JP2007206717A - Inkjet recording method - Google Patents

Abstract

<P>PROBLEM TO BE SOLVED: To provide an inkjet head recording method for forming a coloring layer having a uniform coating in a color filter of which the coloring layer is formed by discharging a coloring material by an inkjet head. <P>SOLUTION: The inkjet recording method is characterized in that a voltage to be applied to a signal electrode of the inkjet head is adjusted by selecting a correction voltage value from a predetermined correction voltage curve and a coating thickness correlation graph by taking a cell of the color filter as a unit only for a predetermined time period from recording start position of the inkjet head. <P>COPYRIGHT: (C)2007,JPO&INPIT

Description

  The present invention relates to an ink jet recording method in which a colorant is discharged as fine droplets and a method for producing a color filter.

  Conventionally, in order to mitigate an increase in the viscosity of ink due to drying of the nozzle portion of the ink jet head, it has been proposed to give a slight vibration to the nozzle portion and the ink in the head within a range where the ink is not discharged. Japanese Patent Application Laid-Open No. 61-035963 proposes that ink is reliably ejected from the first recording signal by vibrating the ink in the ejection orifice by a vibrating means that applies minute vibrations to the vicinity of the nozzle. Further, in Japanese Patent Laid-Open No. 9-141882, in order to solve a discharge failure during printing in a non-recording state such as when waiting for printing, and printing under a low temperature and high temperature environment, the ink is not discharged by a discharge pressure generation signal regardless of the presence or absence of printing. It has been proposed to provide a signal to swing the meniscus. Japanese Patent Laid-Open No. 9-290505 proposes that a high frequency alternating electric field is applied to a piezoelectric vibrator of a non-ejection nozzle to vibrate in order to prevent clogging of a nozzle that does not eject ink during recording.

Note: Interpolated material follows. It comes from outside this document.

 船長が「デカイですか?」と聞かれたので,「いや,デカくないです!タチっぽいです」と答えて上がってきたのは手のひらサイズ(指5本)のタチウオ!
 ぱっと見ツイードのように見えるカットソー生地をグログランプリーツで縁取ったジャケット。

Further, in the production of a color filter using the ink jet method, the ink is periodically forcibly discharged outside the print area immediately before the start of ejection before the ink in the nozzle portion thickens due to drying, or in Public Notice 0596785, It has been devised to form a frame serving as a preliminary ejection region immediately before the color panel portion on the glass substrate to perform ink ejection necessary for stabilizing ink ejection.
Japanese Patent Laid-Open No. 61-035963 Japanese Patent Laid-Open No. 9-141882 JP-A-9-290505

  However, when microvibration is simply applied by the conventional method, clogging can be prevented, but the viscosity of the ink increases and the ejection amount changes. Further, applying a slight vibration during recording has a problem that residual vibration occurs in the head and the discharge amount of the discharge nozzle changes. These changes in the discharge amount have been a problem in printing that coats a color filter that requires a uniform discharge amount.

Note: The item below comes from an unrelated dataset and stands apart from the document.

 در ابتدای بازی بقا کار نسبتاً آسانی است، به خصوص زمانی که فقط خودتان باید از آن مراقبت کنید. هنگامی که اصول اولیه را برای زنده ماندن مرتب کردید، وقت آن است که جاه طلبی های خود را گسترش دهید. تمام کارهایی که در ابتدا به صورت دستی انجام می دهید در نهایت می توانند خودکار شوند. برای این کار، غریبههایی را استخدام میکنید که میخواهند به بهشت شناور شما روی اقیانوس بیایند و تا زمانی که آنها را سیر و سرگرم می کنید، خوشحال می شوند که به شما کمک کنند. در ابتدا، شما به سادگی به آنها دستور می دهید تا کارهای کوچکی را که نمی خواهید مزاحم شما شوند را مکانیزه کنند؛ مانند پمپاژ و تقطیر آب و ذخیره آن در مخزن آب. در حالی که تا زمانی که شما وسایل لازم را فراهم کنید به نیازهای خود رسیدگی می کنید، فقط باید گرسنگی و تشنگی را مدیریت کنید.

  Further, the forced ink discharge consumes ink more than necessary, and the ink is discharged away from the print area. Therefore, the viscosity is increased again at the start of printing, and the landing position shifts. In addition, setting the preliminary discharge area has a limitation on the number of panels on the glass substrate and pattern formation, and there is a problem that a sufficient area cannot be secured for stable discharge.

  The ink jet recording method of the present invention has been made to solve the above problems, and an object of the present invention is to provide an ink jet recording method for forming a uniform coating film with stable landing accuracy and coating amount.

  In order to solve the above-described conventional problems, in the ink jet recording method of the present invention, the voltage applied to the signal electrode of the ink jet head is a predetermined unit only for a predetermined time from the recording start position of the ink jet head. The voltage is adjusted.

  According to the recording method of the ink jet head of the present invention, it is possible to form pixels having a uniform discharge amount without discarding the ink in the nozzle portion that has been thickened due to the effect of drying at the start of printing.

  Embodiments of an ink jet head recording method according to the present invention will be described below in detail with reference to the drawings.

(Embodiment 1)
For the transparent substrate used in the present invention, for example, glass is often used. A pixel frame can be formed by forming a light shielding film on a glass substrate using a photosensitive resin, and then exposing and developing. This light shielding film is formed so that the pixel portion becomes a light transmission opening in the display area, and the peripheral area of the display area may be patterned in the same manner as the display area, and the light shielding film is formed on the entire surface. It may be provided. The top surface of the light shielding film is preferably subjected to a liquid repellent treatment so as to repel the discharged colorant. Thereby, the inflow of the colorant into the adjacent pixel is suppressed.

  In order to form a colored layer by the inkjet method, a transparent substrate 2 is placed on a stage 1 of a printing apparatus as shown in FIG. 1, and the transparent substrate 2 and the inkjet head 3 are moved relative to each other to obtain predetermined pixels. A predetermined number of ink droplets are ejected into 4 to form a color filter pattern. The ink ejected from the plurality of nozzles is controlled so as to have an appropriate ejection amount for each nozzle. There are three ink colors, R, G, and B, but printing may be performed for each single color or for three colors simultaneously. The glass substrate on which the ink has been applied is removed by a solvent using a hot drying device such as a hot plate or oven or a vacuum drying device, and is cured by a method suitable for the ink curing conditions to form a color filter coating film.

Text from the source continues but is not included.